Aminetou Mokhtar, présidente AFCF à l’Eveil Hebdo : « Le procès du meurtrier de Khadjetou Sow était une mascarade »

Aminetou Mokhtar, présidente AFCF à l’Eveil Hebdo : L’EVEIL Hebdo : La Cour Criminelle du tribunal régional du Trarza vient de condamner Adama Ba à la peine de mort pour avoir tué avec préméditation Khadjetou Oumar Sow, en mars dernier, aux alentours de Tiguent. Quelle appréciation faîtes-vous de cette sentence ?

Aminetou Mint Mokhtar : Merci de m’avoir donné l’occasion de m’exprimer sur la question.Nous avons suivi l’assassinat perpétré contre Khadjetou Sow dès le début. Il y a eu, je le rappelle, une première enquête à Nouakchott qui avait révélé l’implication de d’autres personnes dans le dossier avant même la découverte du corps de la jeune fille.

Finalement, avec la poursuite de l’enquête, il y a eu l’interrogatoire par la police de certaines personnes : le propriétaire de la voiture et le responsable de l’ONG. Au final, il y a eu l’aveu du meurtrier qui a reconnu, après un interrogatoire musclé le meurtre de la jeune femme Khadjetou Oumar Sow. Le meurtrier(ndlr Adama Ba) a montré aux enquêteurs le lieu où il avait jeté le corps.Il y a eu par la suite une deuxième enquête faite par la police et puis après la gendarmerie de Tiguent.

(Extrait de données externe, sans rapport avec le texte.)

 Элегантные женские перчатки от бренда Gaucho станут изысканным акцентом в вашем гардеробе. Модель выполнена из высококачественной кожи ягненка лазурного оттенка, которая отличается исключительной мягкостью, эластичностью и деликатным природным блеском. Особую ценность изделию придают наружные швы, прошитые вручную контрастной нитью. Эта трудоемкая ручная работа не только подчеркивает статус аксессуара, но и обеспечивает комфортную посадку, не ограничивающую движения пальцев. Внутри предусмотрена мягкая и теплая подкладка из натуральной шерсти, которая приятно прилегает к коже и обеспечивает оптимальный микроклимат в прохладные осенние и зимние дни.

Ces différentes enquêtes ont révélé que Khadjetou Sow a été étranglée à l’aide de son foulard que son corps a été jeté dans un endroit situé à 2 km de Tiguent.Par la suite,le présumé meurtrier Adama Ba a été déposé en prison à Rosso.On s’attendait à ce que le dossier soit complété avec l’incorporation de l’enquête préliminaire menée à Nouakchott par la police ainsi que celle des limiers et pandore de Tiguent.ça n’a pas été apparemment le cas.

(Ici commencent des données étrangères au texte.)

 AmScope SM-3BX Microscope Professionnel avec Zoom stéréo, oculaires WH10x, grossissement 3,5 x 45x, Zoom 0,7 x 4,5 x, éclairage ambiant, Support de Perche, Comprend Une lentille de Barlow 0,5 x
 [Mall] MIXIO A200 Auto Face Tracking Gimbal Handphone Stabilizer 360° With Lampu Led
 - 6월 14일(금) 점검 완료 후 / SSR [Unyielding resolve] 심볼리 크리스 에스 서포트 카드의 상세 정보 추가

On a tenu seulement compte de l’enquête faite par les magistrats et les policiers de Tiguent.On s’attendait aussi à ce qu’il y ait une instruction avant le jugement. Généralement, on procède de la sorte avant tout jugement. Les avocats devraient être également associés à toute instruction dont nous ignorons si elle a eu lieu ou si elle a été faite par le magistrat sans la présence des avocats.En tout cas cette affaire reste entourée de nombreuses zones d’ombres.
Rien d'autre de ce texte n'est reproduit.